Отличительные роль отдельных компонентов ресничек и их отдельных эффектов на сигнализации PCP даст нам более полное представление о роли реснички в установлении полярность. Особое значение имеет различие между цилиарных белков, функционирующих в контексте мерцательной, против не-ресничные функций, которые традиционно считались цилиарных белков, такие как их роль в регулировании нон-цилиарного связанную внутриклеточного транспорта. Высокая степень регулярности во многих аспектах кохлеарного структуры, в том числе сотовой паттерна и stereociliary расслоения ориентации, позволяет выявить тонкие изменения в развитии PCP в ответ либо генетических или молекулярных возмущений в связанных с ресничками белков. Учитывая, что существует множество моделей цилиарного мыши доступны, и что развивающийся улитка мыши является одним из лучших мест в целях изучения PCPсигнализации, она представляет большой интерес, чтобы узнать, в какой степени отдельные белковые мутации нарушают развитие улитки.

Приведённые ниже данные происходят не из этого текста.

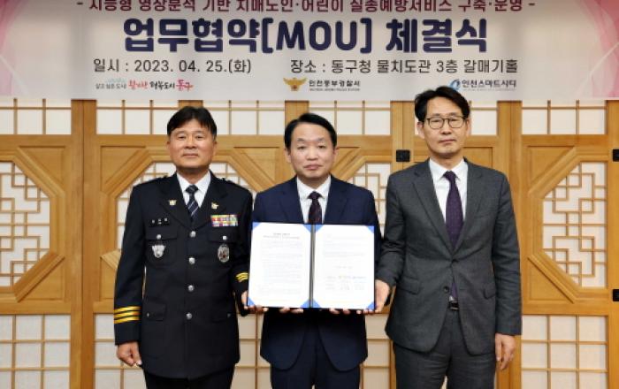 인천 동구가 지능형 영상분석을 기반으로 치매 노인 및 어린이 등 사회적 약자를 위한 실종 예방서비스를 구축한다. 동구는 지난 25일 중부경찰서 및 스마트시티㈜와 '지능형 영상분석 기반 치매 노인·어린이 실종 예방서비스 구축·운영'을 위한 업무협약을 체결했다. 협

The author declares no competing financial interests.

Автор хотел бы поблагодарить Мэтью Келли, Тициана Cogliati, Джессика Gumerson Уве Вольфрума Ривка LEVRON, Виола Кречмер и Zoe Манн и их критической оценки рукописи. Эта работа была профинансирована Софья Ковалевская премии (Humbodlt Foundation) и Йоханнес-Университет Гутенберга, Майнц, Германия.